Outros afirmarão, por sua vez, que um partido de "centro" é argumento para um fisiologismo institucionalizado e assumido. "Se for do interesse do partido, tá valendo". Trata-se de uma deturpação do primeiro argumento, da "isenção", pois a pergunta que vem é: que interesse do partido? Sem uma bandeira, uma raiz, não há ideias comuns e o partido, assim, estará condenado, já no seu nascimento, à fragmentação ideológica que apenas servirá para enfraquecer, gradualmente, a legenda.

Embora eu entenda que as ideologias políticas não possam cegar os interesses do país, suas necessidades e os clamores do povo, deve haver um liame mínimo com algum princípio norteador, para que indique os pontos de vista a serem defendidos e capaz de limitar, minimamente, a orgia do poder, em que vale tudo para alcançá-lo.

Um partido assumidamente de centro é, também, assumidamente vazio ideologicamente, sem valores e princípios que possam dirigi-lo de maneira objetiva nas andanças da política, sendo, assim, incapaz de ordenar e conduzir seus filiados e eleitores de modo claro. A velha pergunta "o que queremos?" não é plenamente respondida. O argumento de que um partido de centro será isento e votará pelo melhor é pura ilusão, pois sequer sabemos para onde se inclina esse "melhor".

Cabe lembrar, ainda, que no manifesto de lançamento do partido se defende a formação de uma nova Constituinte. Todavia, toda e qualquer Constituição tem influências ideológicas, sejam elas quais forem, e por menores que sejam. Portanto, podemos dizer que o PSD já nasce incoerente, pois é de centro, ou seja, sem uma tendência ideológica assumida, mas defende o melhor para o país, seja qual for esse suposto melhor.

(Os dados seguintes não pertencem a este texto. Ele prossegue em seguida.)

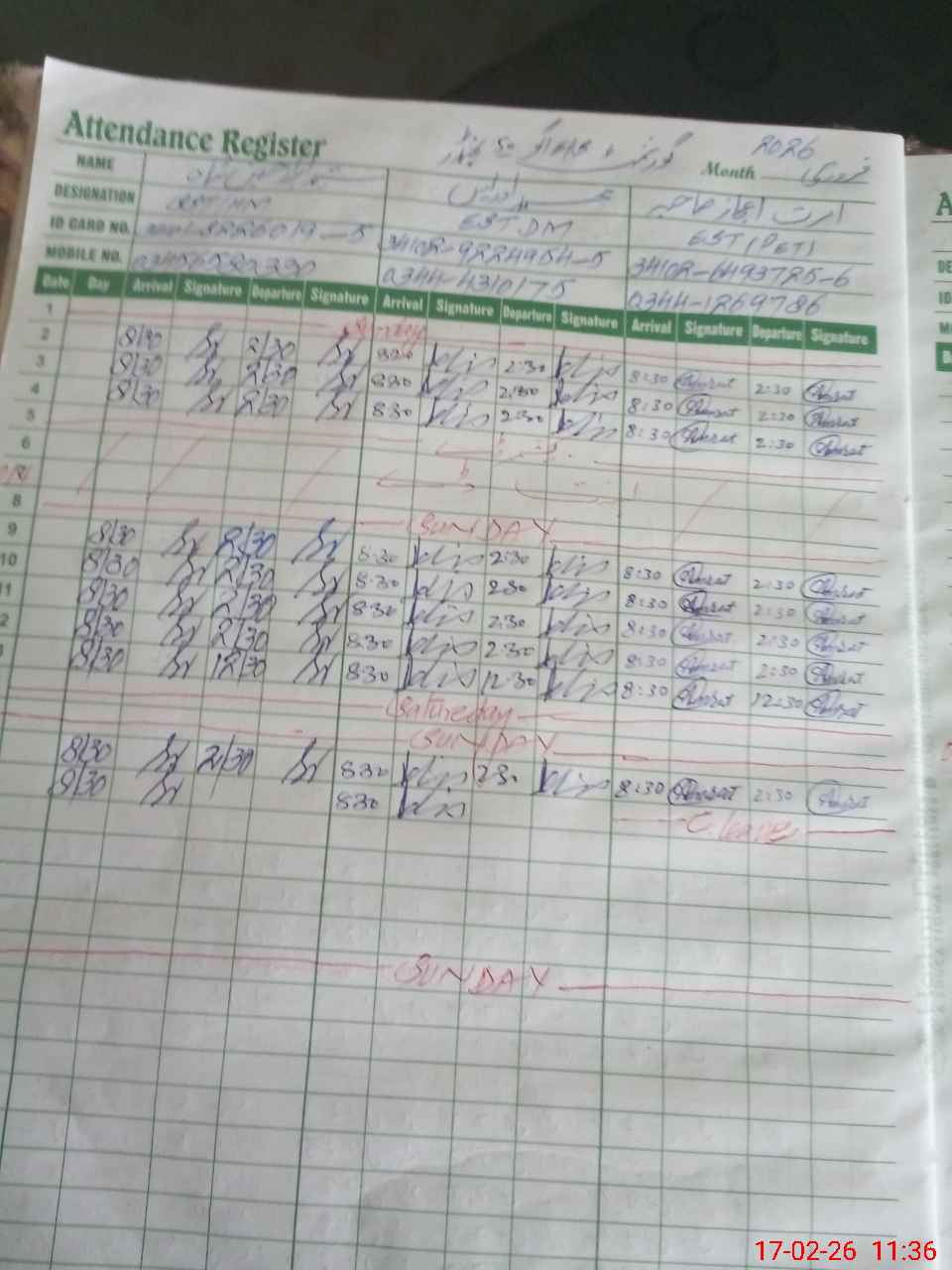 | 00**** | Ak**** Sa**** | NQ | 0 | 0 | 0 | 0 | 0 | 0 | 0 | 0 | 0 | Absent (Un-Authorized) | |

Contudo, a incoerência do PSD é coerente com o atual estágio de desenvolvimento da política brasileira. Vivemos numa era em que muitos partidos do país, que ostentam bandeiras ideológicas, afundam cada vez mais sob o fisiologismo dos seus interesses (o PMDB não tem união alguma entre suas lideranças regionais e nacionais, estando presente em todos os governos brasileiros, desde a redemocratização; o PV libera seus representantes para defenderem quem quiser; e o PTB, PDT e o PP ora pendem para um lado "social", ora para um lado "econômico", além de outros exemplos), enquanto outros são soterrados pela inflexibilidade decorrente de uma arraigação principiológica extrema (caso do PSTU, PCO, PSOL, dentre outros), enquanto há aqueles que, no poder, são flexíveis com seus valores, mas na oposição, defendem seus pontos de vista como se fossem religiosos (caso do PSDB, DEM e PT, seja na oposição, seja na situação). Dessa maneira, nada menos surpreendente que um partido assuma essa ausência de valores e princípios como seus valores e princípios.

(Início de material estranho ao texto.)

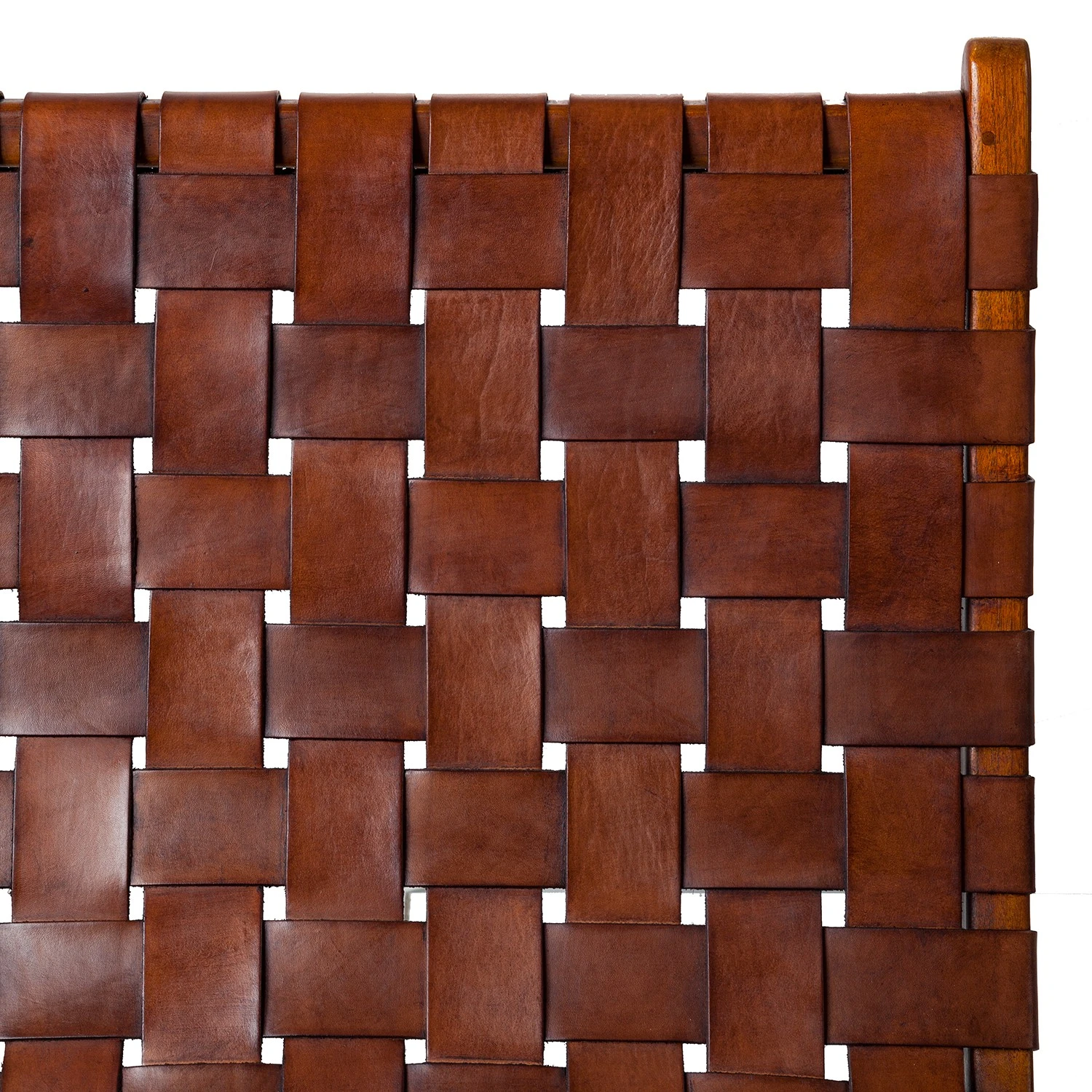 Fauteuil design Bourbourg I en cuir tressé et teck massif – marron cognac

O relativismo que serve de bandeira para o PSD é o mesmo que conduz o mundo ocidental contemporâneo. Nossos principais partidos surgiram em épocas em que determinadas filosofias e ideologias estavam em voga pelo globo: o PTB original (pai do atual PTB e do PDT) veio na esteira do trabalhismo dos anos 30; o PC do B, o PCB e o PSB, além, claro, do PT, vieram dos movimentos sindicais socialistas das décadas de 1940 a 1970, passando pela de 1980; o PV veio da onda verde que estourou no final dos anos 70 e se desenvolveu no país nos anos 1980; o PMDB, da resistência legal à ditadura, nos anos 70; o PSDB e o DEM (antes PFL), como reflexo da onda neoliberal dos anos 1980. O PSD não é diferente: representa o pensamento de um tempo: o relativismo e o fisiologismo para adequar-se ao poder.

Portanto, o PSD, que já foi concebido programado para ser incoerente na política brasileira, visto que nasceu para assumidamente defender qualquer coisa que "entender o melhor para o Brasil", é incrivelmente coerente, pois veste, sem pudor, a camiseta do tempo vazio e relativista em que vivemos, no qual o vale-tudo pelo poder, sucesso e prazer são o norte da nossa bússola burra.